Posters

Abstract

In this work, we present a fully coupled aero-hydro-servo-elastic analysis model for floating wind platforms. The model introduces a novel approach to solving fluid-structure interaction dynamics in the time domain, leveraging the seakeeping hydrodynamics framework SeaFEM, developed by the authors. Within this framework, a detailed full 3D structural model is embedded to tightly couple the structural dynamics. In addition, the model is coupled with OpenFAST to integrate the wind turbine dynamics, resulting in a comprehensive tool for integrated load analysis (ILA) of floating wind turbines. Traditionally, the structural dynamics of floating wind turbines have been addressed using simplified global or partial models, mainly due to the prohibitive computational cost of time-domain simulations with high-fidelity finite element (FE) models, which can easily involve several million degrees of freedom (DoFs).

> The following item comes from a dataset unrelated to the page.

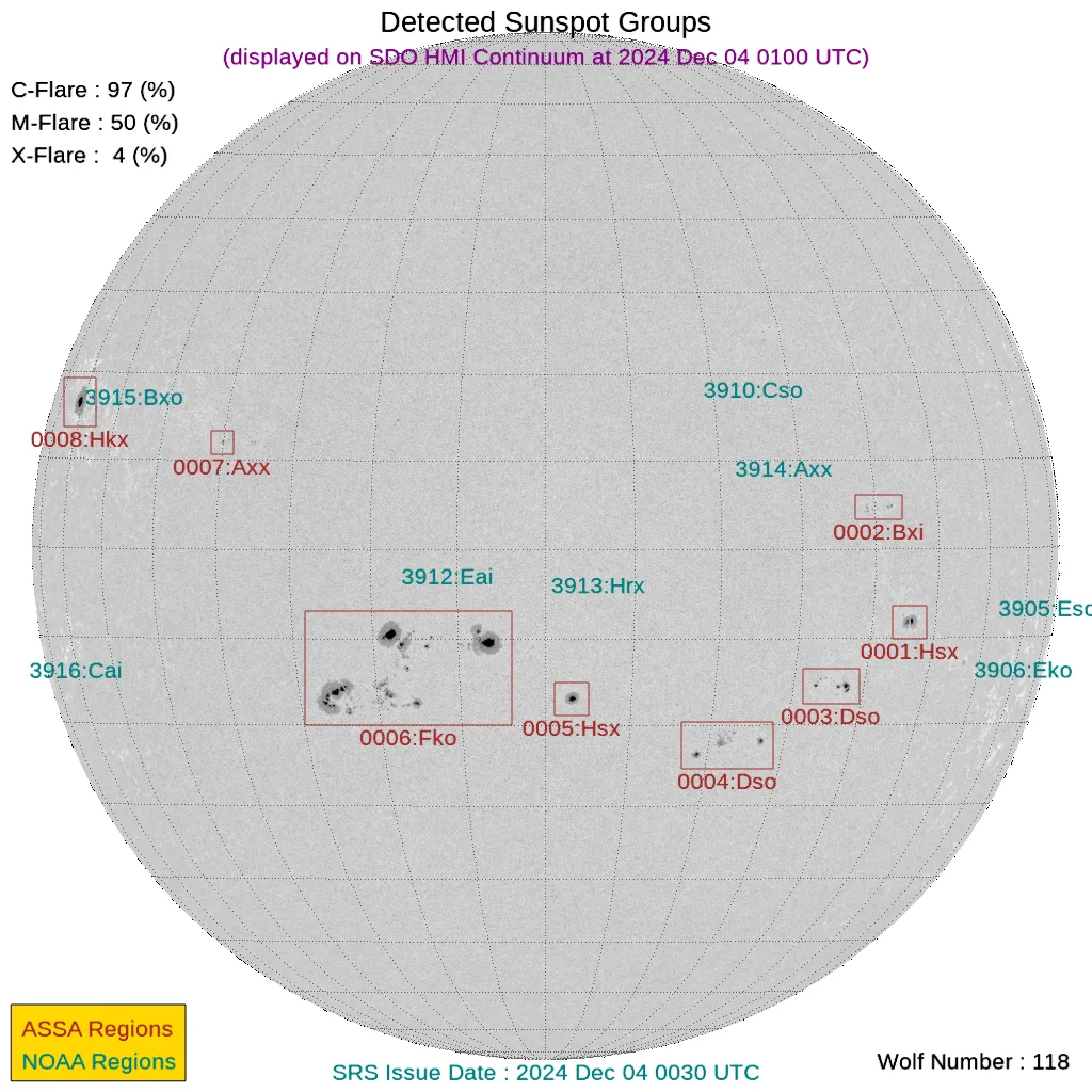 現時点で地球正面の黒点群は[3912, 3913]です。←黒点番号が振られていない活動領域でもフレアは発生しますので、あくまで目安として捉えてください。

To overcome this limitation, this work introduces a Model Order Reduction (MOR) strategy based on a Modal Matrix Reduction (MMR) technique. This approach significantly reduces the number of DoFs and the associated computational cost. An enhanced MMR methodology ensures high accuracy of the reduced model, making it especially well-suited for practical application in the design and verification of offshore structures. This work has been carried out within the framework of the H2020 project 952966 FIBREGY and the FLEXFLOAT project, funded by the Spanish Ministry of Science, Innovation and Universities (PID2024-158162NB-I00). In addition, a strong validation effort has been conducted under the IEA Wind’s OC7 Project and through a Joint Development Project for the Validation and Application of SeaFEM’s Hydro-Elasticity Reduced Order Model, developed in collaboration with Lloyd’s Register. The support and collaboration of all the organizations involved is gratefully acknowledged.